Разница в осознании бытия XX столетием и веками, ему предшествовавшими, ярче всего отразилась в искусстве. Здесь интересно сопоставить творчество самого, быть может, великого экзистенциального художника XX столетия А. И. Солженицына (1918—2008) с творчеством Ф. М. Достоевского (1821 — 1881). Достоевский, безусловно, предшественник экзистенциалистов, но у его героев еще есть возможность обсуждать вопросы общего устройства мира (диалоги Ивана и Алеши Карамазовых), чисто теоретически взвешивать «слезинку ребенка» и грядущее «счастье человечества», отвергать мир, созданный Богом, и «почтительно билет Ему возвращать»[1]. Для героев Солженицына «стены мира резко сдвинулись», они тоже ведут диалоги: на барачных нарах, в тюремной камере, на койке «ракового корпуса» или во фронтовой землянке Первой мировой войны. Но не до счастья человечества им сейчас — «счастья» уже наступившего или ощутимо грядущего. Обсуждается вопрос жизни именно этого отдельного человека в этот «один день». Как быть? Можно ли применять насилие: не во имя «общей цели», а просто чтобы не дать себя убить? В чем смысл жизни для того, кто завтра обречен умереть от рака? Вопросы, которые для героев Достоевского все же можно охарактеризовать как «онтологические», для героев Солженицына бесповоротно стали «экзистенциальными».
Стоит сказать и вот о чем. Указанные особенности осознания категории бытия как «Я-бытия», или экзистенции, нельзя воспринимать просто как исторически обусловленные жестокими реальностями XX столетия. Это определенная, крайне важная ступень в познании бытия, и ушедший век в этом смысле носит переломный, переходный характер. По-видимому, имеется линия, непосредственно идущая от Ренессанса и эпохи Просвещения, и пас ждет переход к «новому Средневековью», согласно выражению, встречающемуся у Н. А. Бердяева и С. Н. Булгакова. Эта мысль (хоть и с противоположной по форме метафорой) непосредственно выражена А. И. Солженицыным в его «Гарвардской речи» (1978): «Если не к гибели, то мир подошел сейчас к повороту истории, по значению равному повороту от Средних веков к Возрождению, и потребует от нас духовной вспышки, подъема на новую высоту обзора, на новый уровень жизни, где не будет, как в Средние века, предана проклятью наша физическая природа, но и тем более не будет, как и в Новейшее время, растоптана наша духовная жизнь. Этот подъем подобен восхождению на следующую антропологическую ступень. И ни у кого на Земле не осталось другого выхода, как — вверх»[2].

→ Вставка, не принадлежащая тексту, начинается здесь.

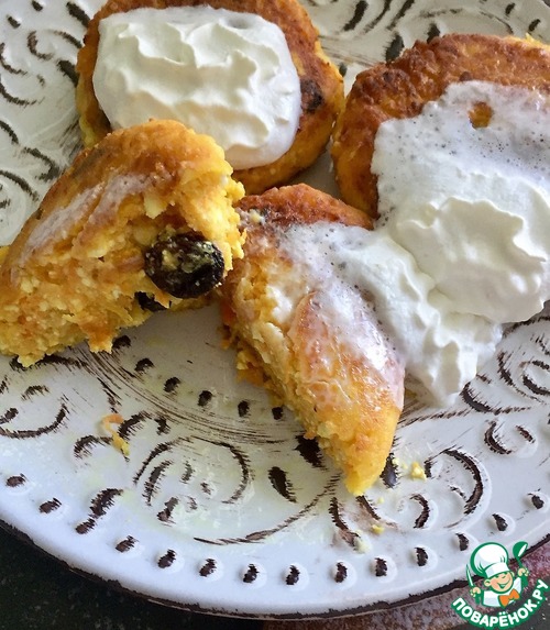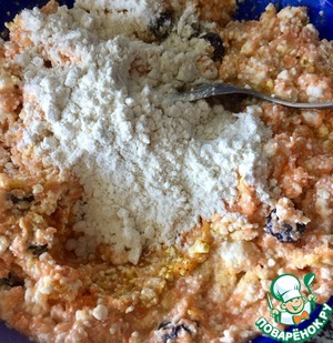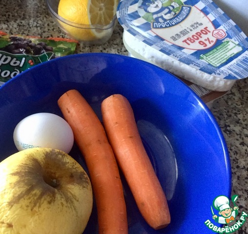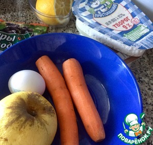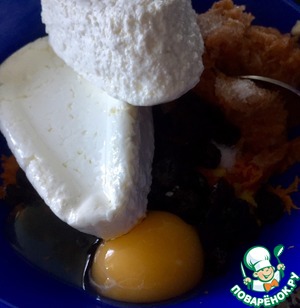 Соединить творог, морковь, яблоко, яйца, изюм. Тщательно перемешать.
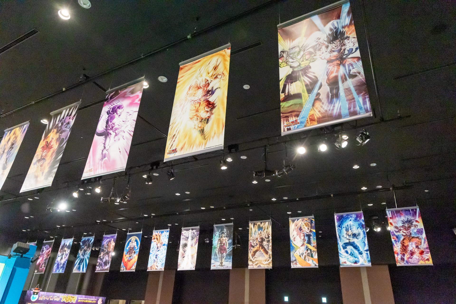 An array of banners featuring character illustrations lined the hall's ceiling.
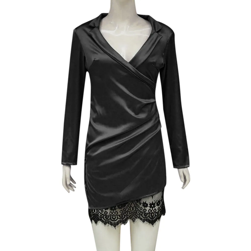 Feitong модное платье для женщин с v-образным вырезом, кружевное лоскутное сексуальное облегающее коктейльное платье для выпускного вечера, летнее платье для женщин Dames Jurken
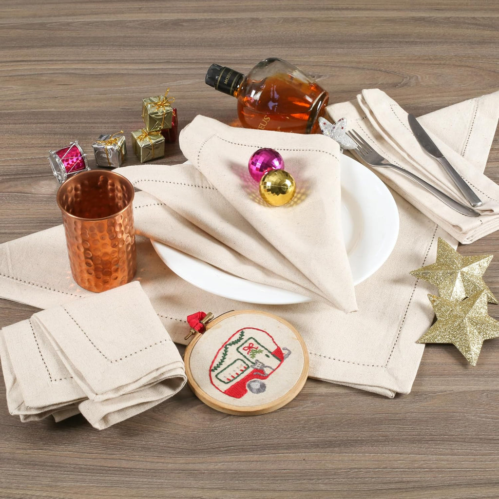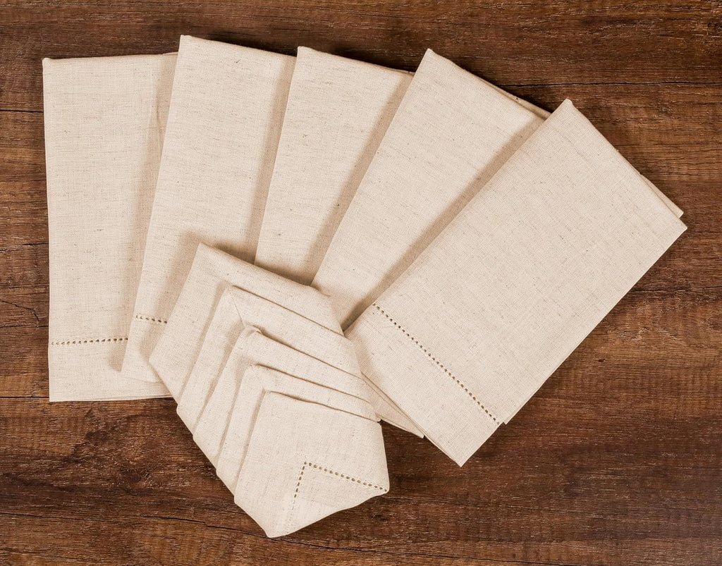 - 12 mitered corner generous hemstitched flax cotton napkins 18x18 inches. 88% Cotton 12% Linen.

Б. Рассел в своей концепции бытия попытался снять противопоставление объективного и субъективного существования в понятии «существование вообще». По его мнению, существует только один «реальный мир» и воображение, например, Шекспира — его часть. Реальны и мысли, которые возникали у Шекспира, когда он писал «Гамлета». Точно так же реальны мысли, которые возникают у нас, когда мы читаем эту трагедию. Все это скорее лежит в русле традиционно-рационалистическом, чем философия «экзистенции», но выражает ту же тенденцию: преодоление ограничений, идущих от Нового времени.